Veröffentlicht am 20.12.2018

Die US-Regierung hat Sanktionen gegen weitere Russen verhängt - unter anderem wegen Einflussversuchen auf die amerikanische Präsidentschaftswahl 2016. Sie betreffen unter anderem 15 Mitglieder des russischen Geheimdienstes GRU.

Die Vermögen der Betroffenen in den USA werden eingefroren und US-Bürgern wird verboten, mit diesen Personen Transaktionen einzugehen, wie das US-Finanzministerium am Mittwoch in Washington mitteilte.

«Abschreckung und Verteidigung»

Sanktioniert würden auch Cyberattacken auf internationale Organisationen und die Beteiligung mehrerer russischer Geheimdienstler an dem Nervengift-Anschlag auf den früheren russischen Geheimagenten Sergej Skripal und dessen Tochter Julia im März in Grossbritannien, hiess es weiter.

Ziel der Sanktionen sei «Abschreckung und Verteidigung» angesichts der «anhaltenden bösartigen Aktivitäten von Russland, seinen Vertretern und seinen Geheimdiensten», erklärte US-Finanzminister Steven Mnuchin. Die USA würden in diesem Bereich weiter mit ihren internationalen Verbündeten und Partnern zusammenarbeiten.

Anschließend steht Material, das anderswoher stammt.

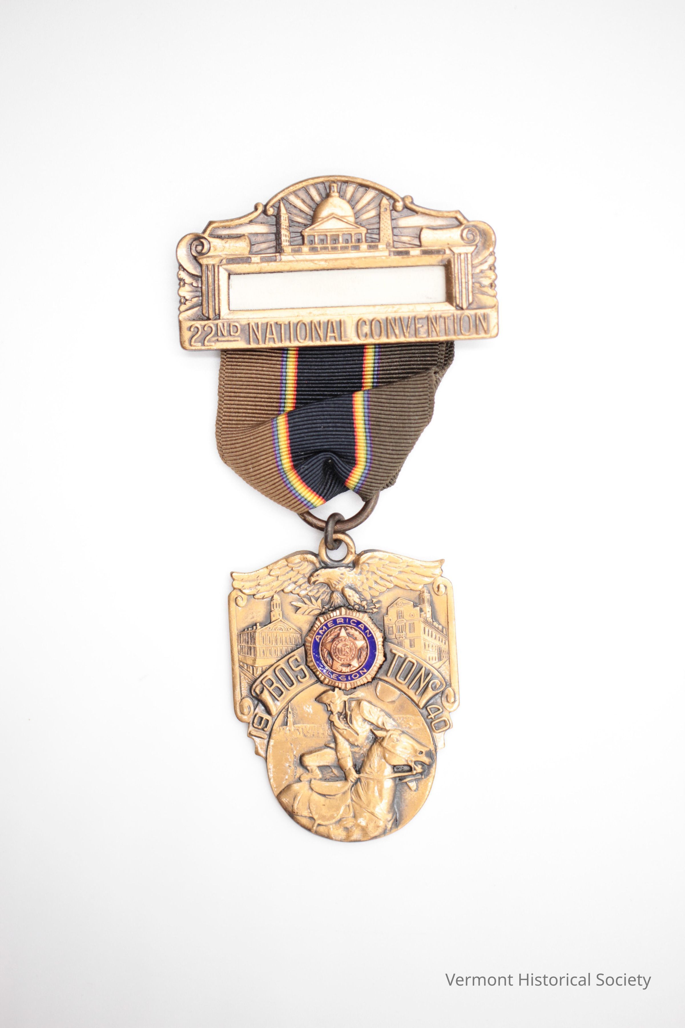 Membership ribbon consisting of a metal name tag, a red grosgrain ribbon, and shaped medallion. The name tag is molded with an image of the Massachusetts State House and the words "22ND NATIONAL CONVENTION". There is a hollow window at the center for writing a name. The grosgrain ribbon is striped brown and black, separated by narrow rainbow stripes. The medallion is molded with an eagle and an image of a man mounting a horse and the words, "BOSTON 1940".

Verbotene Geschäfte mit Oleg Deripaska

Ein anderer früherer GRU-Mitarbeiter werde wegen Geschäften für den russischen Oligarchen Oleg Deripaska mit Sanktionen belegt, teilte das Ministerium mit. Gegen Deripaska hatte die US-Regierung bereits vor Monaten Strafmassnahmen verhängt. Er ist Präsident des russischen Konzerns En+ und Gründer des russischen Aluminiumkonzerns Rusal.

Die Sanktionen gegen die beiden Konzerne - und eine weitere Firma aus der Gruppe von En+ - will die US-Regierung dagegen in 30 Tagen aufheben. Darüber habe man den US-Kongress informiert, erklärte das Finanzministerium. Die Konzerne hätten nötige Umstrukturierungen vorgenommen und den Einfluss Deripaskas minimiert. Deripaska hatte unter anderem seinen Posten im Verwaltungsrat von Rusal aufgegeben.

Bislang haben die Amerikaner nach eigenen Angaben Sanktionen gegen mehr als 270 Personen und Firmen mit Russland-Bezug verhängt.